Sanction CNIL de 500 000 € : les 3 failles du dossier patient à fermer

Antoine Auffray

15/09/2026

Le 3 septembre 2026, la CNIL a annoncé une amende de 500 000 € contre l'Hôpital privé de la Loire. La délibération de la formation restreinte (n° SAN-2026-009) date du 21 juillet 2026. À l'été 2025, un attaquant s'était connecté au dossier patient informatisé (DPI) de l'établissement et avait accédé aux données de 524 867 patients et de 202 246 personnes désignées comme tiers de confiance.

C'est l'hôpital qui est sanctionné, en tant que responsable de traitement. Mais les trois manquements de sécurité relevés par la CNIL portent sur des fonctionnalités du logiciel. Si vous éditez un DPI, un logiciel de suivi patient ou une plateforme ouverte à des professionnels extérieurs, votre client vous demandera tôt ou tard de prouver que ces trous n'existent pas chez vous.

Ce que la CNIL a sanctionné

La formation restreinte a retenu deux manquements au RGPD : la sécurité des données (article 32) et l'information des personnes concernées par la violation (article 34).

Côté sécurité, trois mesures manquaient au jour de l'attaque :

  1. Une authentification trop faible pour les utilisateurs externes. Les médecins libéraux et autres utilisateurs extérieurs à l'hôpital se connectaient au DPI sans VPN ni authentification multifacteur. C'est par là que l'attaquant est entré.
  2. Une politique d'habilitation qui ignorait l'équipe de soins. Les accès n'étaient pas limités aux professionnels impliqués dans la prise en charge de chaque patient. Avec les identifiants d'un seul compte, l'attaquant a pu consulter les données de tous les patients.
  3. Aucune détection d'activité suspecte. Rien ne repérait un comportement anormal en temps réel ou à très court terme. L'attaquant a exploré le DPI pendant plusieurs jours et extrait un volume très important de données sans déclencher d'alerte.

Côté information, les patients touchés ont été prévenus, mais pas les 202 246 tiers de confiance dont les données ont aussi été volées.

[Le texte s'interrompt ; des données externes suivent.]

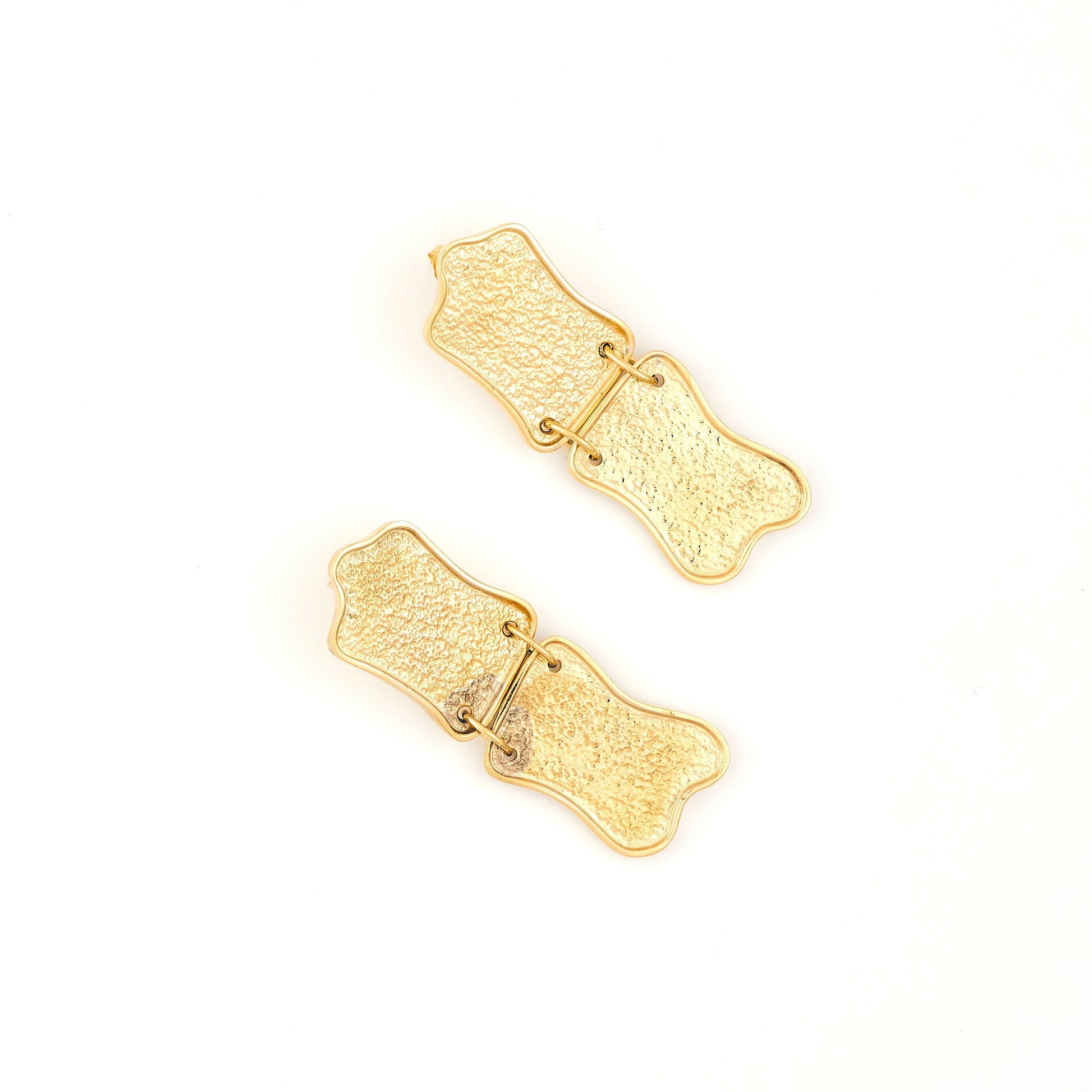 14 karat gold plated brass puzzle shaped earrings with gold filled posts. This pair of earrings are two puzzle pieces linked together to make a subtle statement.

L'hôpital doit par ailleurs achever ses mesures correctives dans des délais de trois à quinze mois selon les mesures.

Qui est concerné

  • Les éditeurs de DPI et de logiciels hospitaliers accessibles depuis l'extérieur de l'établissement.
  • Les plateformes de coordination ville-hôpital, de télésurveillance ou de télé-expertise, dont les utilisateurs sont par nature dispersés.
  • Toute application qui stocke des proches, des aidants ou des tiers de confiance à côté du dossier patient.

Ce que ça implique pour votre produit

Authentification. Un identifiant et un mot de passe ne suffisent plus pour un accès distant à des données de santé. Pour les professionnels de santé, la voie la plus simple est Pro Santé Connect, qui authentifie par carte CPS ou application e-CPS. Pour les profils sans carte (secrétariat, prestataires), prévoyez un second facteur dans votre propre système. Notre guide de l'authentification e-santé détaille les deux parcours.

Habilitations. Le contrôle d'accès par rôle (« médecin », « infirmier ») ne répond pas au grief de la CNIL. Le modèle attendu rattache un professionnel aux patients qu'il prend en charge : service, épisode de soins, relation de soin déclarée. C'est un chantier de modèle de données, pas un réglage : il se conçoit au début du projet, pas après un audit. Prévoyez aussi un accès d'urgence (« bris de glace ») tracé et justifié, faute de quoi les soignants contourneront le cloisonnement.

Détection. Journaliser les accès ne suffit pas si personne ne lit les journaux. Le grief porte sur l'absence d'alerte : des règles simples auraient signalé un compte qui ouvre des milliers de dossiers en quelques heures ou qui exporte en masse. La CNIL a publié une recommandation sur les mesures de journalisation qui sert de base.

Tiers de confiance et proches. Si votre produit stocke leurs coordonnées, votre procédure de violation de données doit prévoir de les contacter eux aussi, et donc de pouvoir les extraire rapidement. Le déroulé de notification est détaillé dans notre guide RGPD pour les éditeurs de logiciels de santé.

Aucun de ces quatre points n'est réglé par l'hébergement HDS : un hébergeur certifié protège l'infrastructure, pas les droits d'accès de votre application.